INPUT FOR THIS TASK
◆ ◆ ◆ ◆

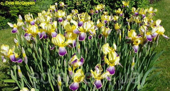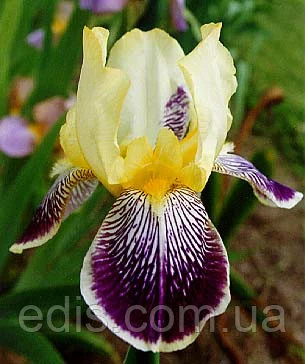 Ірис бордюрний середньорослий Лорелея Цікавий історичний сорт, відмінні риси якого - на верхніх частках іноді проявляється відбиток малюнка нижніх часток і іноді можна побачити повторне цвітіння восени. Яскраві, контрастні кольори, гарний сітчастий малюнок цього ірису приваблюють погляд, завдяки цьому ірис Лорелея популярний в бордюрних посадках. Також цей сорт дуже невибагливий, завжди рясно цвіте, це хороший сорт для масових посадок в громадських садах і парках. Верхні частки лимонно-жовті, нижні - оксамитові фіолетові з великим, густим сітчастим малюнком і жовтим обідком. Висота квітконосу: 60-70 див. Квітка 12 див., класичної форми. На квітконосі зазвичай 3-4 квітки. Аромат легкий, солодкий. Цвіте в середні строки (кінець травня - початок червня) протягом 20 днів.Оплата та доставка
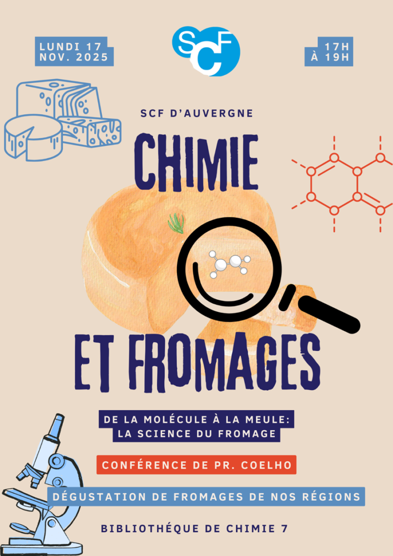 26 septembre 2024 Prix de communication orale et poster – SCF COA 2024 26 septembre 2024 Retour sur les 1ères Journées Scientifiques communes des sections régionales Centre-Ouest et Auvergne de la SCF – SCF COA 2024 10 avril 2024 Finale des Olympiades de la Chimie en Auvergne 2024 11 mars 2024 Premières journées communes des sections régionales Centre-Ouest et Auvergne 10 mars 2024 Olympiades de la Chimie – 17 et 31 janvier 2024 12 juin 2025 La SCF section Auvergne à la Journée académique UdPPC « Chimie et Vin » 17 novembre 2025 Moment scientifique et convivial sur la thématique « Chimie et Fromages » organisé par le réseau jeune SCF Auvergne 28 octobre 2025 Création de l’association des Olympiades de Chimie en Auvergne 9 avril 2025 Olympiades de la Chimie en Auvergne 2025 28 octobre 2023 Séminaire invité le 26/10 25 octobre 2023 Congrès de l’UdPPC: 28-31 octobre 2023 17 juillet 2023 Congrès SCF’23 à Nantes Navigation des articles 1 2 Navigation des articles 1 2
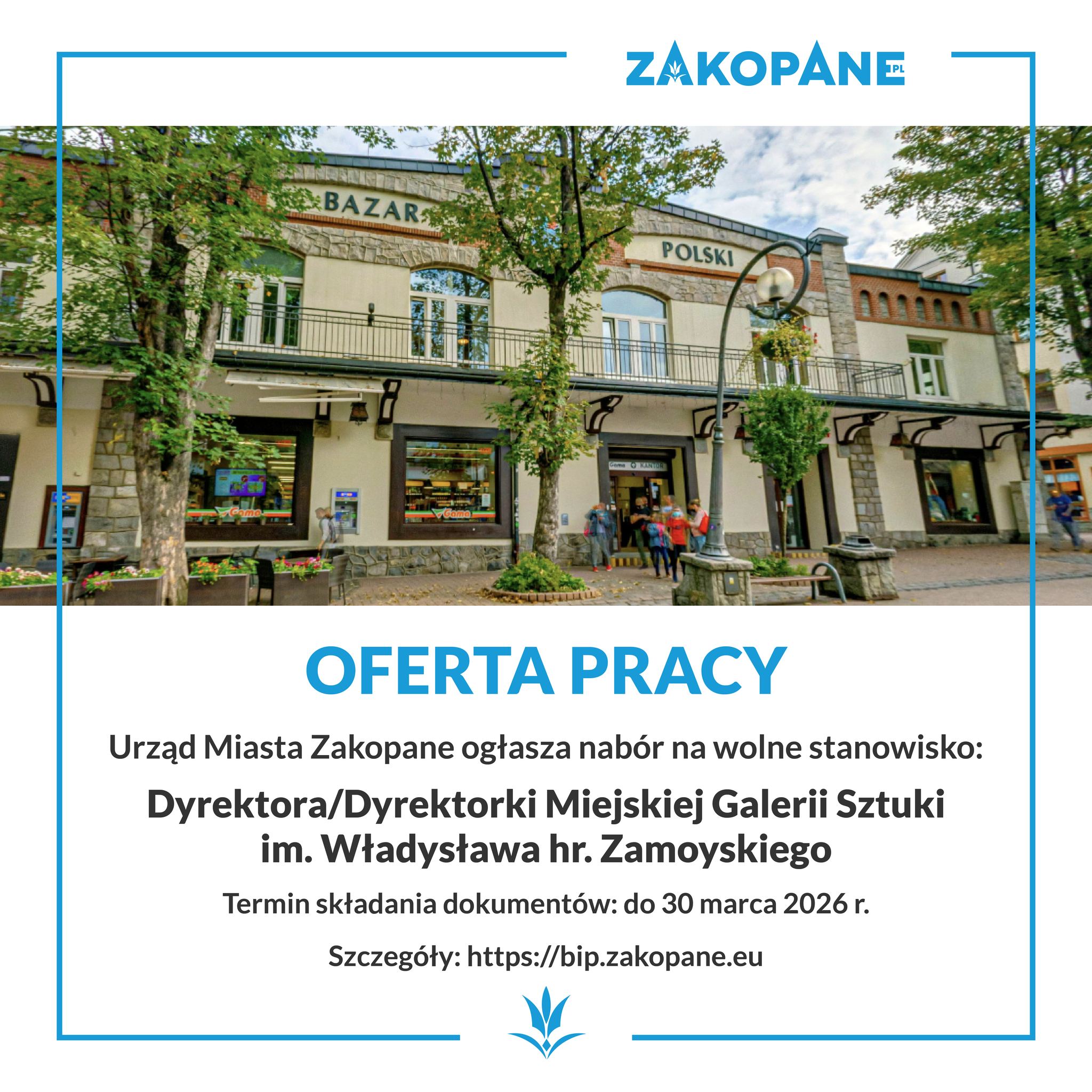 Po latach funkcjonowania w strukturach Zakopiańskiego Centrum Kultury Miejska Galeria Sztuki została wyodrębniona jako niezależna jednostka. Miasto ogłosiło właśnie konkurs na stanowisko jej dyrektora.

◆ ◆ ◆ ◆

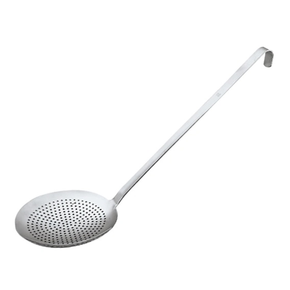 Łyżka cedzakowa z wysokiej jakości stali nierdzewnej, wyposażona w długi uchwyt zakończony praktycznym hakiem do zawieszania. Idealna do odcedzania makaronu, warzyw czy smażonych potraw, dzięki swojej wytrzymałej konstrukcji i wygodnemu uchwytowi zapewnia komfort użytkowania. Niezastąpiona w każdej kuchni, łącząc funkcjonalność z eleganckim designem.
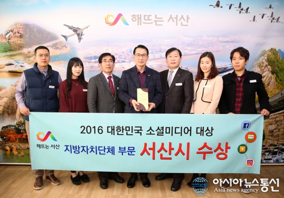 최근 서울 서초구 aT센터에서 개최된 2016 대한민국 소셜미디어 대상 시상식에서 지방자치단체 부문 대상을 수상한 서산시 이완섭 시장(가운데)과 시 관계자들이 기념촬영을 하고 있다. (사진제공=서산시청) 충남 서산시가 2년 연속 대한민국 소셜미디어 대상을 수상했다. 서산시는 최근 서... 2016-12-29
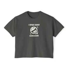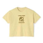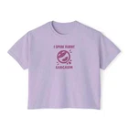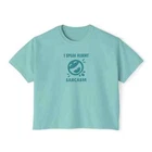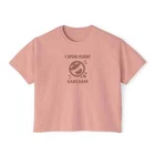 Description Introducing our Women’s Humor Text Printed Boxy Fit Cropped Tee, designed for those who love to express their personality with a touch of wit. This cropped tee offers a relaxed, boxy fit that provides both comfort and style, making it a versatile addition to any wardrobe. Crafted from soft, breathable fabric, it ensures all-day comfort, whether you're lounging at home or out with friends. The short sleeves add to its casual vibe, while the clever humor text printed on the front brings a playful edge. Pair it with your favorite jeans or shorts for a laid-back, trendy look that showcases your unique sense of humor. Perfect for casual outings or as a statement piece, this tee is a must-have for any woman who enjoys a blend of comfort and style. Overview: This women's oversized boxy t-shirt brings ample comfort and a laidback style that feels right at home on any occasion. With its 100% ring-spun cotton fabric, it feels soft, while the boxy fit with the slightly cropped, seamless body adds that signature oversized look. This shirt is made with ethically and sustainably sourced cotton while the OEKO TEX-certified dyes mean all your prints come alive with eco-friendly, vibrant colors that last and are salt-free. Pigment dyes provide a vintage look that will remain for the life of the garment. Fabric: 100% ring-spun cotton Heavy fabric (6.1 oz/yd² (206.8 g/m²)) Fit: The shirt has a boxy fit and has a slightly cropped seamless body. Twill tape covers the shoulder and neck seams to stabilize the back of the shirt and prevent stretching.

◆ ◆ ◆ ◆

EXERCISE
Both the line above containing "최근 서울 서초구 aT센터에서" and the line containing "Description Introducing our" belong in the copy, along with every line between them; print these exactly and omit the pictures.

RESULT
 최근 서울 서초구 aT센터에서 개최된 2016 대한민국 소셜미디어 대상 시상식에서 지방자치단체 부문 대상을 수상한 서산시 이완섭 시장(가운데)과 시 관계자들이 기념촬영을 하고 있다. (사진제공=서산시청) 충남 서산시가 2년 연속 대한민국 소셜미디어 대상을 수상했다. 서산시는 최근 서... 2016-12-29
 Description Introducing our Women’s Humor Text Printed Boxy Fit Cropped Tee, designed for those who love to express their personality with a touch of wit. This cropped tee offers a relaxed, boxy fit that provides both comfort and style, making it a versatile addition to any wardrobe. Crafted from soft, breathable fabric, it ensures all-day comfort, whether you're lounging at home or out with friends. The short sleeves add to its casual vibe, while the clever humor text printed on the front brings a playful edge. Pair it with your favorite jeans or shorts for a laid-back, trendy look that showcases your unique sense of humor. Perfect for casual outings or as a statement piece, this tee is a must-have for any woman who enjoys a blend of comfort and style. Overview: This women's oversized boxy t-shirt brings ample comfort and a laidback style that feels right at home on any occasion. With its 100% ring-spun cotton fabric, it feels soft, while the boxy fit with the slightly cropped, seamless body adds that signature oversized look. This shirt is made with ethically and sustainably sourced cotton while the OEKO TEX-certified dyes mean all your prints come alive with eco-friendly, vibrant colors that last and are salt-free. Pigment dyes provide a vintage look that will remain for the life of the garment. Fabric: 100% ring-spun cotton Heavy fabric (6.1 oz/yd² (206.8 g/m²)) Fit: The shirt has a boxy fit and has a slightly cropped seamless body. Twill tape covers the shoulder and neck seams to stabilize the back of the shirt and prevent stretching.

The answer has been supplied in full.